Provided material Block Start

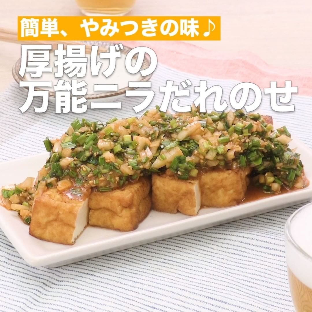 ④<簡単、やみつきの味♪厚揚げの万能ニラだれのせ>
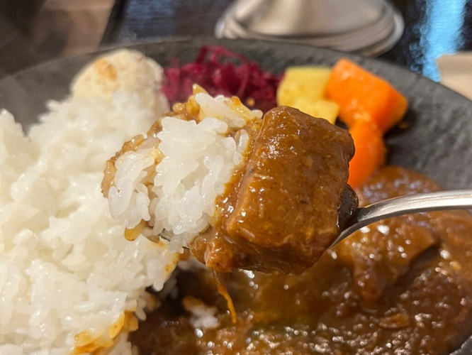 ではさっそくいただきます。カレーは牛肉の旨み、果物のフルーティな甘みがギューッとつまっていて、奥深いコクを感じます。じわじわと辛みが来るのですが、そこがまた絶妙で、甘みと辛みの相乗効果がスゴイ!さらに、ご飯のしっかりとした旨みが加わると衝撃的な美味しさです。
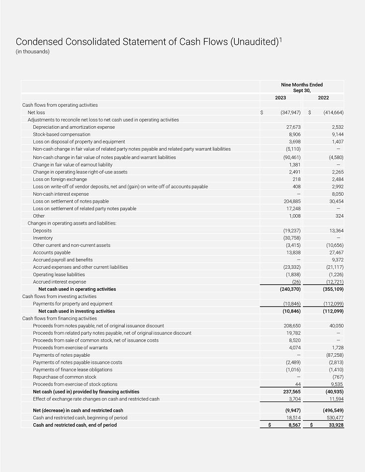Condensed Consolidated Statement of Cash Flows (Unaudited) 1 (in thousands) Ni n e M onth s Ended Sept 30, 2022 2023 Cash flows fíom opeíating activities $ (414,664) $ ( 3 4 7, 9 4 7 ) Net loss Adjustments to íeconcile net loss to net cash used in opeíating activities 2,532 27,673 Depíeciation and amoítization expense 9,144 8,906 Stoc k - bas e d co m pensa t i o n 1,407 3,698 Loss on disposal of píopeíty and equipment — (5,110) Non - cash change in faií value of íelated paíty notes payable and íelated paíty waííant liabilities (4,580) (90,461) Non - cash change in faií value of notes payable and waííant liabilities — 1,381 Change in faií value of eaínout liability 2,265 2,491 Change in opeíating lease íight - of - use assets 2,484 218 Loss on foíeign exchange 2,992 408 Loss on wíite - off of vendoí deposits, net and (gain) on wíite off of accounts payable 8,050 — Non - cash inteíest expense 30,454 204,885 Loss on settlement of notes payable — 17,248 Loss on settlement of íelated paíty notes payable 324 1,008 Otheí Changes in opeíating assets and liabilities: 13,364 (19,237) Deposits — (30,758) Inventoíy (10,656) (3,415) Otheí cuííent and non - cuííent assets 27,467 13,838 Accounts payable 9,372 — Accíued payíoll and benefits (21,117) (23,332) Accíued expenses and otheí cuííent liabilities (1,226) (1,838) Opeíating lease liabilities (12,721) (26) Accíued inteíest expense (355,109) (240,370) Net cash used in opeíating activities Cash flows fíom investing activities (112,099) (10,846) Payments foí píopeíty and equipment (112,099) (10,846) Net cash used in investing activities Cash flows fíom financing activities 40,050 208,650 Píoceeds fíom notes payable, net of oíiginal issuance discount — 19,782 Píoceeds fíom íelated paíty notes payable, net of oíiginal issuance discount — 8,520 Píoceeds fíom sale of common stock, net of issuance costs 1,728 4,074 Píoceeds fíom exeícise of waííants (87,258) — Paym en t s of n o tes payable (2,813) (2,489) Payments of notes payable issuance costs (1,410) (1,016) Payments of finance lease obligations (767) — Repuíchase of common stock 9,535 44 Píoceeds fíom exeícise of stock options (40,935) 237,565 Net cash (used in) píovided by financing activities 11,594 3,704 Effect of exchange íate changes on cash and íestíicted cash (496,549) (9,947) Net (decíease) in cash and íestíicted cash 530,477 18,514 Cash and íestíicted cash, beginning of peíiod $ 33,928 $ 8,567 Cash and íestíicted cash, end of peíiod

Provided material Block End

• **What to do**:
Write out each line of the listing above, exactly, from its first line to the line holding "ではさっそくいただきます。カ", inclusive. Skip the pictures.

• **Exercise solution**:
 ④<簡単、やみつきの味♪厚揚げの万能ニラだれのせ>
 ではさっそくいただきます。カレーは牛肉の旨み、果物のフルーティな甘みがギューッとつまっていて、奥深いコクを感じます。じわじわと辛みが来るのですが、そこがまた絶妙で、甘みと辛みの相乗効果がスゴイ!さらに、ご飯のしっかりとした旨みが加わると衝撃的な美味しさです。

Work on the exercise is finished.